The results indicate that the proposed method is not overly sensitive to the choice of $λ$ within a reasonable range. Performance remains stable across different settings, with moderate values (e.g., $λ = 0.01$ or $0.05$ ) yielding consistently strong results. Extremely large or small values may slightly degrade performance, which is expected as overly aggressive or overly weak knowledge transfer can reduce the effectiveness of cross-modal supervision. These observations suggest that the PNKT-regulated knowledge transfer mechanism provides a degree of robustness to hyperparameter selection, alleviating the need for fine-grained tuning in practice.

4.8. Generalisation to RGB–depth modality

While this work primarily focuses on RGB–thermal crowd counting, the proposed modality-reconfigurable training strategy is not inherently tied to a specific sensor pairing. To provide additional evidence of generality, we evaluate the proposed framework on the ShanghaiTechRGBD dataset⁵⁴ using RGB and depth modalities. The same network architecture and training protocol are adopted, without any modality-specific modification. This experiment is intended to assess whether the proposed training paradigm can be transferred to a different multimodal setting, rather than to establish a new state of the art for RGB–depth crowd counting.

The quantitative results are reported in Table 12, where unimodal inference performance after multimodal training is also presented.

Table 12.
Performance on the shanghaiTechRGBD dataset.⁵⁴ “no need for two modalities” indicates unimodal inference after multimodal training.

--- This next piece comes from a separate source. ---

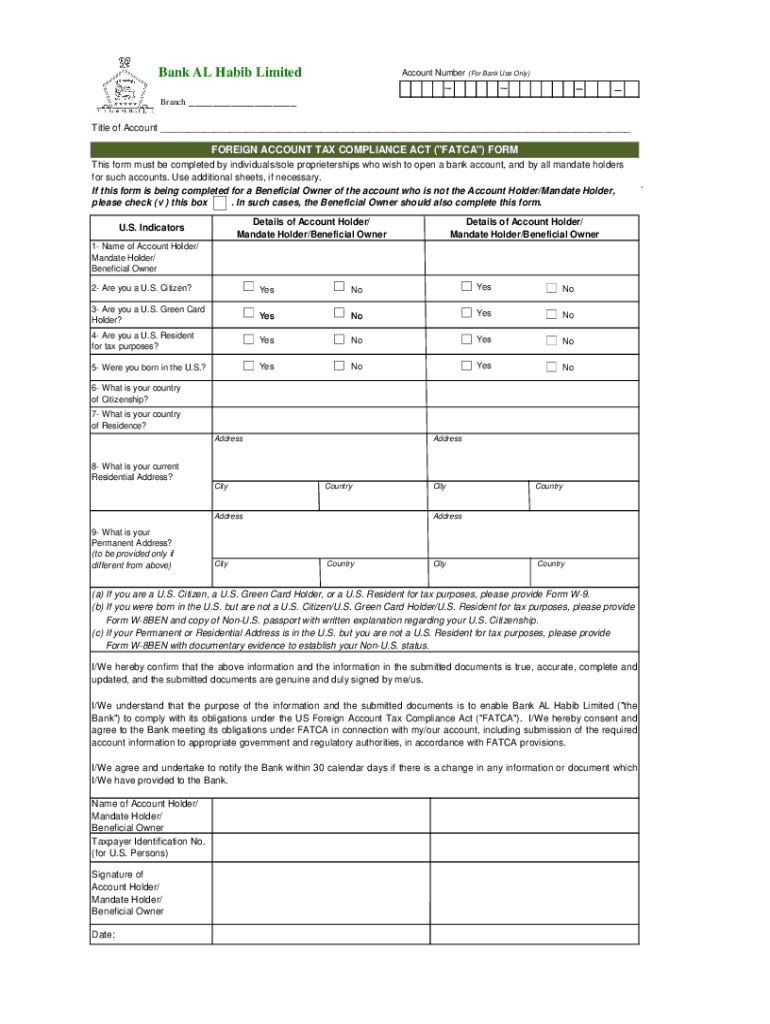 Bank AL Habit Limited BranchAccount Number (For Bank Use Only)___Title of Account ___FOREIGN ACCOUNT TAX COMPLIANCE ACT (\” FATWA\”) FORM This form must be completed by individuals/sole proprietorship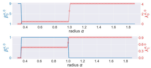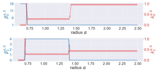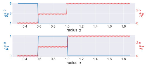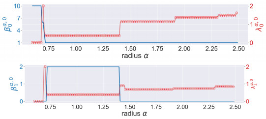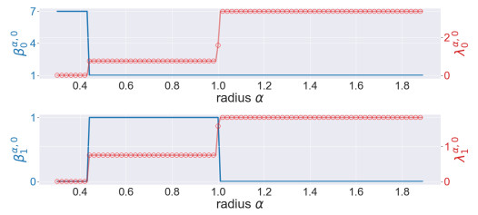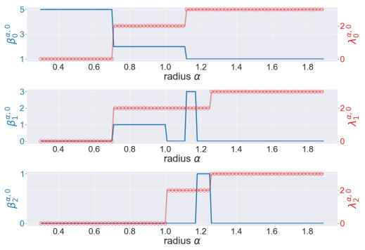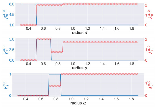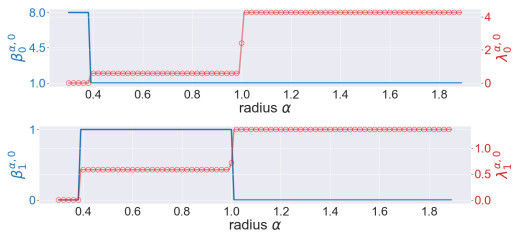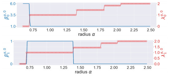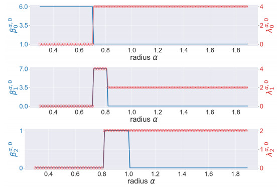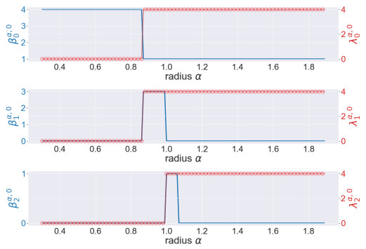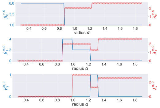 Figure 4. The illustration of the persistent Betti numbers $ \beta_{q}^{\alpha, 0} $ and the smallest nonzero eigenvalues of persistent Laplacians $ \lambda_{q}^{\alpha, 0} $ against the radius $ \alpha $ for the pentagon. The persistent Betti numbers are shown by the blue line. The smallest nonzero eigenvalues calculated by HERMES and Bertini are shown by a red line and red circles, respectively and one can see that they almost coincide. The half edge length is approximately $ \sin(\pi/5) \approx 0.58 $

Testing setting Method Modality MAE RMSE

No need for Ours RGB 4.49 6.40

two modalities Depth 13.05 19.39

Both modalities CSRNet RGB+D 4.92 7.41

CSRNet+IADM RGB+D 4.38 7.06

CSRNet+R2T_ssim RGB+D 4.03 5.81

Testing setting	Method	Modality	MAE	RMSE
No need for	Ours	RGB	4.49	6.40
two modalities		Depth	13.05	19.39
Both modalities	CSRNet	RGB+D	4.92	7.41
	CSRNet+IADM	RGB+D	4.38	7.06
	CSRNet+R2T_ssim	RGB+D	4.03	5.81

These results suggest that the proposed modality-reconfigurable training strategy can be applied beyond RGB–thermal inputs, although more extensive evaluation on additional modalities and scenarios remains an important direction for future work.

5. Conclusion

In this work, a novel problem setting–modality reconfigurable crowd counting—is introduced, defined as the capability of a multimodal model to maintain robust counting performance when one input modality is missing, corrupted, or otherwise unavailable. To address the inherent fragility of existing multimodal approaches under partial-input conditions, a training framework is proposed that decouples cross-modal synergy during training from modality independence at inference.

During training, feature-level interactions between modalities are facilitated through a Feature Patches Generator (FPG), which produces multi-scale patch representations used in a Margin Ranking Loss to enforce ordinal consistency in crowd density estimates. Crucially, knowledge transfer between modalities is regulated by a Preventing Negative Knowledge Transfer (PNKT) module, which adaptively suppresses detrimental cross-modal signals based on relative regression performance. This mechanism enhances the representational capacity of each unimodal branch without introducing inference-time dependencies.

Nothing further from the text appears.